# Mounting Bindings Off Center



## mjd (Mar 13, 2009)

i just bought a set-up for my gf at my local shop. The guy mounted the bindings forward towards the toe side edge instead of the center. The boots have plenty of room to move back without going anywhere near overhanging. I've always assumed centering the bindings in the middle of the board was the only way to go. Does anyone else do this?


----------



## daniel42 (Mar 15, 2010)

In my limited experience I try to centre my boots on the board. Which in my case because I have boots that are close to the maximum size the bindings can take, means I think I set my bindings closer to the heel edge.

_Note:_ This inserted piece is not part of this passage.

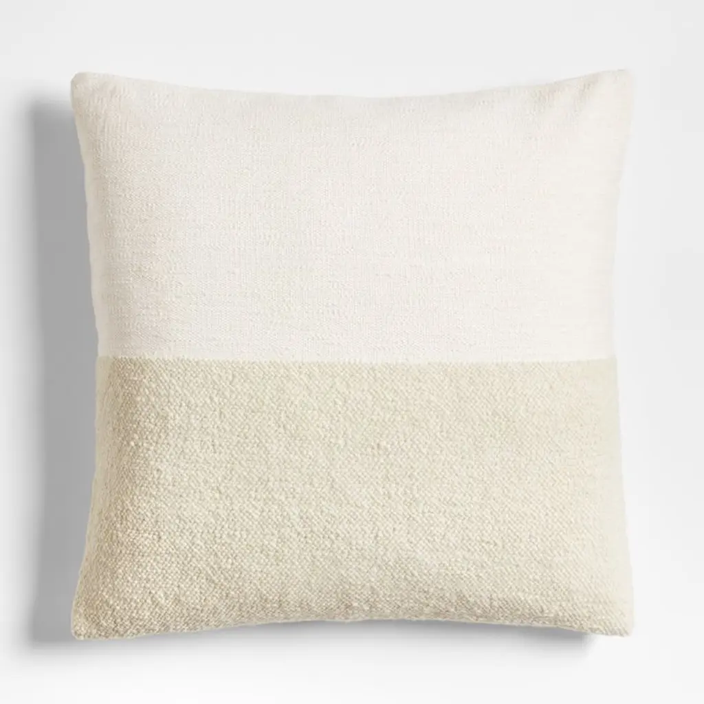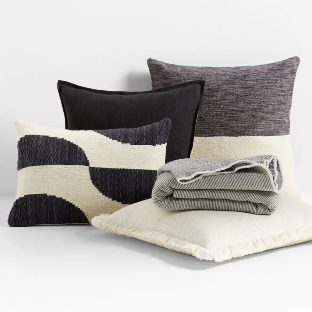 Half chunky, half flat, part ivory, part black. Our Biella throw pillow blocks a two-texture, two-color pattern for a modern look and cozy feel. Made of wool and cotton, the soft pillow features off-white yarn that combines with black on one half to create a heathered appearance. Our ivory-and-black throw pillow includes your choice of a plush feather-down or lofty down-alternative insert.

You also said that the boots have plenty of room to move back without overhanging? Are you saying that there is no overhang at all as I would have thought that in that case the board is too wide?


----------



## PowSurfer (Nov 10, 2009)

you want to place the boot in the binding and center the boot toe/heal on the board.


----------



## Tarzanman (Dec 20, 2008)

Maybe the guy was setting you up for a ride down NASCAR mountain where all you do is make left turns all the way down


----------



## Leo (Nov 24, 2009)

Binding centering is not what is crucial. It is the boot centering. As someone above stated, sometimes the bindings need to be off-center in order for the boots to be centered when strapped in. So go at it.


----------



## mjd (Mar 13, 2009)

Now that I think of it she wears a small size boot so that might tend offet the binding position on the board. Thanks for the input.


----------



## KIRKRIDER (Mar 18, 2008)

Plenty of videos on YT on how to set up bindings, don't trust the shop, do it yourself, centering boot and binding on the board, and setting up the higback angles.



mjd said:


> Now that I think of it she wears a small size boot so that might tend offet the binding position on the board. Thanks for the input.


----------



## JeffreyCH (Nov 21, 2009)

I use Ride shift disc's and they off set the bindings by design. Shifted towards toe side for smaller boots, heelside for larger boots.


----------